Family, Family by Lauren Frankel

A story about the families we chose to make

This is a novel that is big hearted yet unapologetically opinionated.  I enjoyed its warmth and somewhat madcap energy. Alongside this, its refusal to hedge or soften its convictions, will make it a Marmite read for some.

Plot in a nutshell

Told across dual timelines, Family, Family follows India from her teenage years through to adulthood, where she is now a successful actor and an adoptive mother of ten-year-old twins. Her carefully managed public life implodes when she gives a journalist her unvarnished thoughts about adoption. Not just a social story she slates the handling of the topic in her latest film. Rather than retreating, India doubles down, with professional and personal consequences.

Meanwhile, her twins decide to help. Their plan involves contacting a family member India doesn’t know they’re aware of, and whom they have never met in person, setting off a chain of events that brings past and present into collision.

Thoughts

There is a lot going on here. At times the novel edges into what might fairly be called an issues book, and India is nothing if not opinionated. Her views on teen pregnancy, abortion, adoption, and the expectations placed on mothers are expressed with confidence and little self-doubt,  often to her detriment.

Reading as a Brit, I occasionally struggled with plausibility. In particularl around how the US adoption system appears to function (or get by). There were moments where I had to take a healthy pinch of salt to stay invested. Readers less inclined to do so may find themselves pulled out of the story altogether.

Frankel is writing from lived experience, and that matters,  but it also limits. This is very clearly one perspective on adoption, and one that largely resists acknowledging trauma. For some readers, that choice will feel refreshing; for others, it may seem to oversimplify or sidestep the grief and long-term impact that many people experience with adoption. There are sections where the lack of nuance makes the novel emotionally and perhaps even ethically difficult. Not because of what it says, but because of what it leaves unexamined.

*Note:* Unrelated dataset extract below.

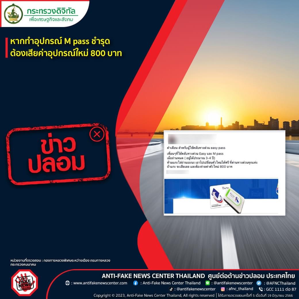 113 19/06/2566 [ข่าวปลอม] ทำอุปกรณ์ M-pass ชำรุด เสียหาย ต้องเสียค่าอุปกรณ์ใหม่ 800 บาท
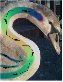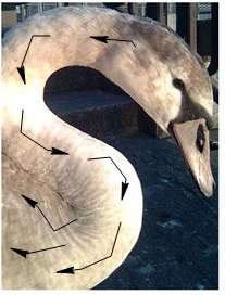 矢印は、白鳥の体上の羽の方向を示します。ベクトルはこれを模倣する必要があります。 |

The same is true of the book’s antagonists. The pro-life movement, in particular, is drawn in broad strokes and dispatched with relish. Their eventual comeuppance will likely divide readers between those who find it quietly satisfying and those who find it offensive.

And yet,  this is not a novel lacking heart. It is often poignant and sincere in its exploration of what makes a family, and especially in its attention to different experiences of motherhood. The men in the novel are kind and supportive but oddly sidelined. The men in her life appear to primarily be there to give India the space to make her own choices. This may be intentional, but it contributes to the sense of a world shaped almost entirely around a single loud perspective.

But love did not preclude strife. It did not erase sorrows. It did not detangle complication. In the case of families, uncomplicated wasn’t really the goal anyway.

The younger characters, by contrast, are vividly drawn. Fig, in particular, stands out: a child clearly traumatised and frightened of almost everything. Yet she is repeaedly willing to face those fears to protect the people she loves. The children are often laugh-out-loud funny, even as their questionable decision-making had me muttering under my breath and hoping someone, somewhere, might be willing to keep a closer eye on them.

Ultimately, Family, Family is a book you can read in more than one way. I chose to enjoy it as a moving, funny, fiercely personal story about chosen families.